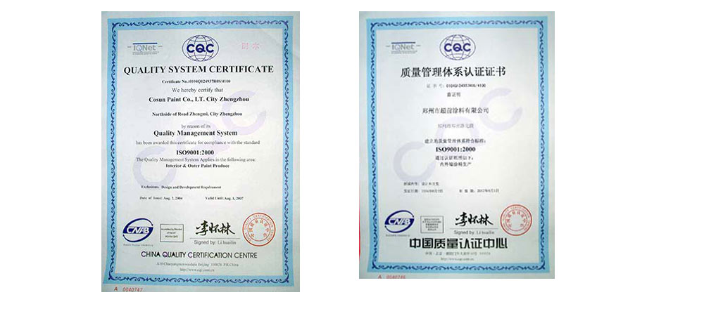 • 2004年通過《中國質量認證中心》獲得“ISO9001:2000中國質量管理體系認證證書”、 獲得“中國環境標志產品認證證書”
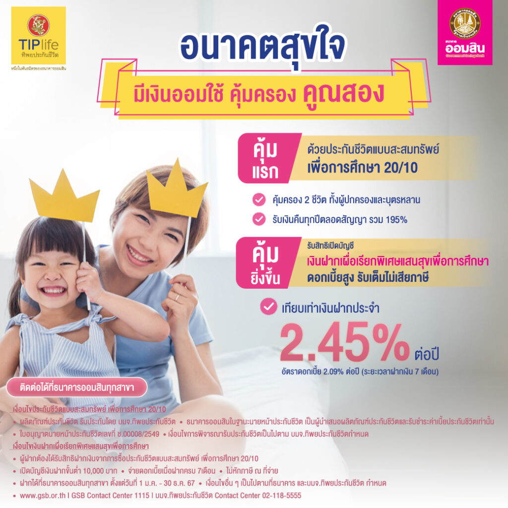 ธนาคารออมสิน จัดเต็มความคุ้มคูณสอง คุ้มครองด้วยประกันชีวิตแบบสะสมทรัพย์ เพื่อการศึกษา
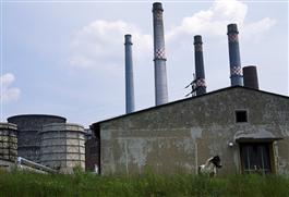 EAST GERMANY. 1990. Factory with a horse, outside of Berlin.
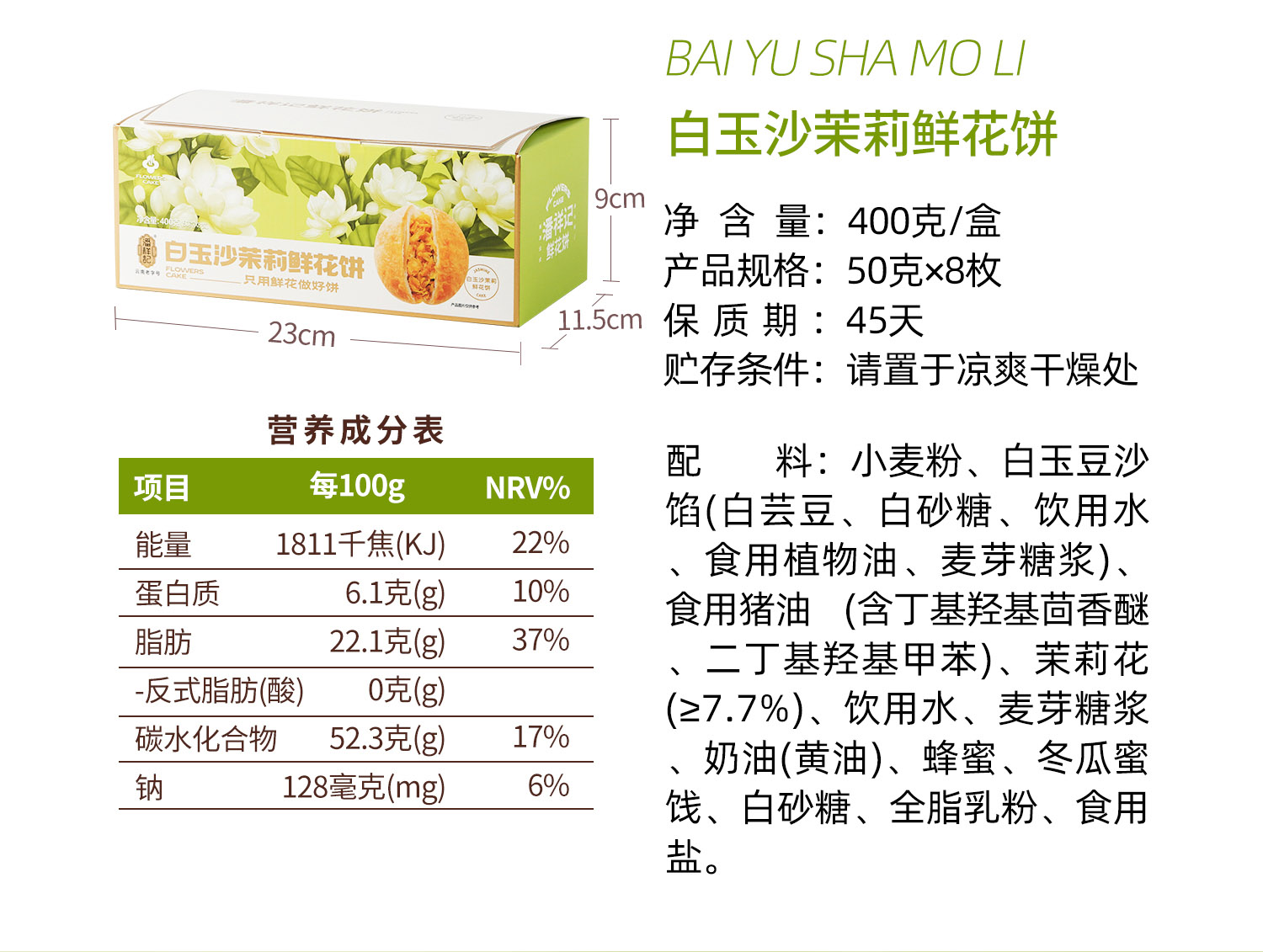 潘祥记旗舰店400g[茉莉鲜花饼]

§ TASK DESCRIPTION:
Reproduce the material word for word, minus the images.

§ ANSWER BOX:
 • 2004年通過《中國質量認證中心》獲得“ISO9001:2000中國質量管理體系認證證書”、 獲得“中國環境標志產品認證證書”
 ธนาคารออมสิน จัดเต็มความคุ้มคูณสอง คุ้มครองด้วยประกันชีวิตแบบสะสมทรัพย์ เพื่อการศึกษา
 EAST GERMANY. 1990. Factory with a horse, outside of Berlin.
 潘祥记旗舰店400g[茉莉鲜花饼]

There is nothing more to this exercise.